My laptop went into hospice care last week. It's an essential tool for my writing career, and I was terrified that it would die at the most inconvenient moment. So I replaced it.
I exaggerate, of course. A computer isn’t an essential tool.
Shakespeare wrote with pen and ink and Hemingway used an old-fashioned
typewriter, yet they both managed to produce master works that are still
selling today. And when I’m away from my computer, I use pen and ink, too. So a
working laptop isn’t a necessity.
But it is a huge convenience.
Typewriters were the technological preference of most
individuals when I was in college. They were imperfect time-savers. To make
corrections, I used an eraser, whiteout, or correction tape. Not very professional
looking. So I had two alternatives: (1) hire someone else to type my papers or
(2) type each page until it came out error-free. I was too cheap (or too poor)
to do the first, so I chose the time-consuming second option.

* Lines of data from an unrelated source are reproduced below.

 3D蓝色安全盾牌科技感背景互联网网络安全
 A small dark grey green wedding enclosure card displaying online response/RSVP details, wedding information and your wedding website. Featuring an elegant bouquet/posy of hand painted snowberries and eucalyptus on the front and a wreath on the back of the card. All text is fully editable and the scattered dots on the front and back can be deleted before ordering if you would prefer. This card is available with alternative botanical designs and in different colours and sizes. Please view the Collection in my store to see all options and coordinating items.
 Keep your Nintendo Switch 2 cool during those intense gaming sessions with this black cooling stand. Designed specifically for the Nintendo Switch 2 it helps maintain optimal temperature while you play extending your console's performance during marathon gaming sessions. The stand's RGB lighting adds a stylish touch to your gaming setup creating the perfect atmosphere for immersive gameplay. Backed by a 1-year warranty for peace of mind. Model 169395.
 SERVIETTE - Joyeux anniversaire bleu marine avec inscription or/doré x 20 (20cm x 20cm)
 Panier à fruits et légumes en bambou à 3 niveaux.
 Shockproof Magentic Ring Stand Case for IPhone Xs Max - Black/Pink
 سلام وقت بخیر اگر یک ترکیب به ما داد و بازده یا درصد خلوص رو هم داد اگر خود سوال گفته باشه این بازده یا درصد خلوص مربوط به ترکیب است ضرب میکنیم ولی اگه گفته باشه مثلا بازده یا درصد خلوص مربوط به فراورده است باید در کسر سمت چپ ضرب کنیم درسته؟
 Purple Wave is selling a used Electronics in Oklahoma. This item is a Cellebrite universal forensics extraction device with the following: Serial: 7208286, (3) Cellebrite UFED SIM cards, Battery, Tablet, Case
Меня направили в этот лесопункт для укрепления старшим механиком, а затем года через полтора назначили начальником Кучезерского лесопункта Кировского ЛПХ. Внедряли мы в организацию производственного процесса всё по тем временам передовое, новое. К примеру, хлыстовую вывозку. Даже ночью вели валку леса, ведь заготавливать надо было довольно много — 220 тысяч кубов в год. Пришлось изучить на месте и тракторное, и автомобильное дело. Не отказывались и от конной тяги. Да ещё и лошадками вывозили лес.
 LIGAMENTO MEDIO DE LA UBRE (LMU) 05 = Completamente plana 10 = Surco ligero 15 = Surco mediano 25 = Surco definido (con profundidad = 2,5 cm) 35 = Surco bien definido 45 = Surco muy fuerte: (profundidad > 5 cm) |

Then there was that back-up copy. Before the invention of
carbon paper, it was done manually. I used carbon paper, but that had its
problems, too. Correcting the copy was a messy job that often left an
unreadable blob where the error had been. Thank goodness for the invention of
the photocopy machine.
I’m sure it was even worse in Shakespeare’s time. Imagine
re-copying everything in long hand.
Now the computer saves our changes and spits out back-up copies in seconds. Sometimes it even makes changes automatically—whether
we want them or not. (I’m a big fan of turning off most of the auto-correct
options.)
In my 30 or 40 years of computer ownership, I’ve progressed
from DOS to various versions of Windows, including Vista, XP, and, most
recently, Windows 7. Now I have to get used to Windows 8.
New technologies can be daunting, and we have to be careful
not to rely on them. But I can’t imagine going back to my typewriter days.